Start of RECORDED DATA

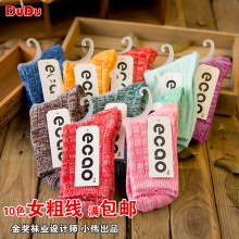 粗针粗线女袜子 包邮外单女士全棉中筒秋冬复古明星同款嘟嘟袜子
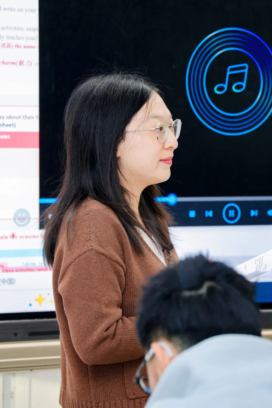 直升初一年级田甜老师在课堂上创设“心声墙”真实语境,推动学以致用。
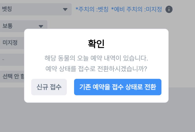 예약이 있는 경우에는 접수 처리할 때 해당 예약을 접수로 전환할지 물어봐요.
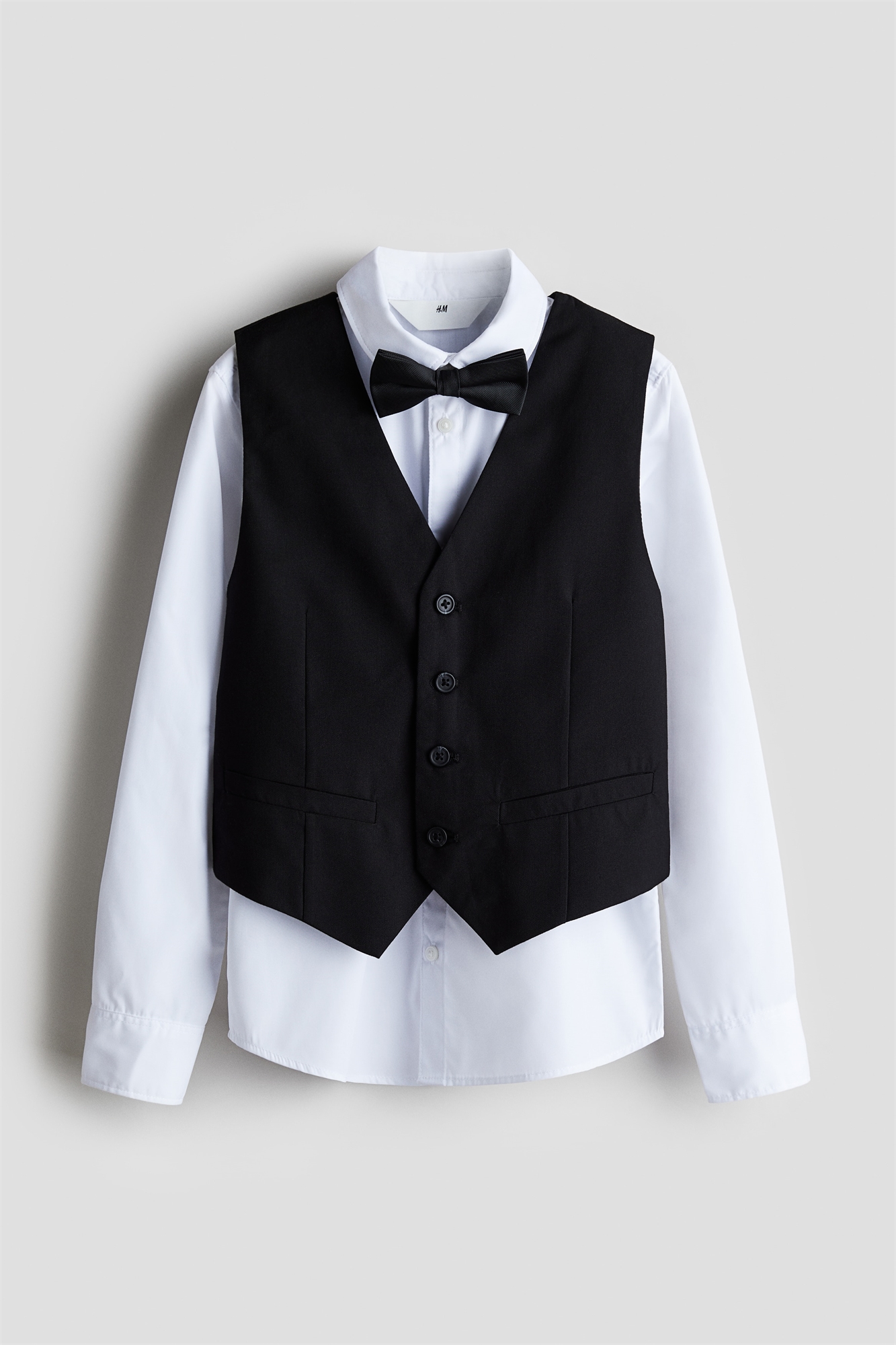 Нарядный комплект из поплиновой рубашки, саржевого жилета и галстука-бабочки. Рубашка с воротником, застегивающимся спереди на пуговицы, длинными рукавами с манжетами на пуговицах и рукавной планкой с пуговицей-звеном. Жилет на подкладке с пуговицами спереди и накладными карманами. Галстук-бабочка с регулируемым эластичным ремешком и пластиковой застежкой сзади.

End of RECORDED DATA

WHAT IS EXPECTED:
With the pictures removed, return the full listing exactly as given.

RESULT:
 粗针粗线女袜子 包邮外单女士全棉中筒秋冬复古明星同款嘟嘟袜子
 直升初一年级田甜老师在课堂上创设“心声墙”真实语境,推动学以致用。
 예약이 있는 경우에는 접수 처리할 때 해당 예약을 접수로 전환할지 물어봐요.
 Нарядный комплект из поплиновой рубашки, саржевого жилета и галстука-бабочки. Рубашка с воротником, застегивающимся спереди на пуговицы, длинными рукавами с манжетами на пуговицах и рукавной планкой с пуговицей-звеном. Жилет на подкладке с пуговицами спереди и накладными карманами. Галстук-бабочка с регулируемым эластичным ремешком и пластиковой застежкой сзади.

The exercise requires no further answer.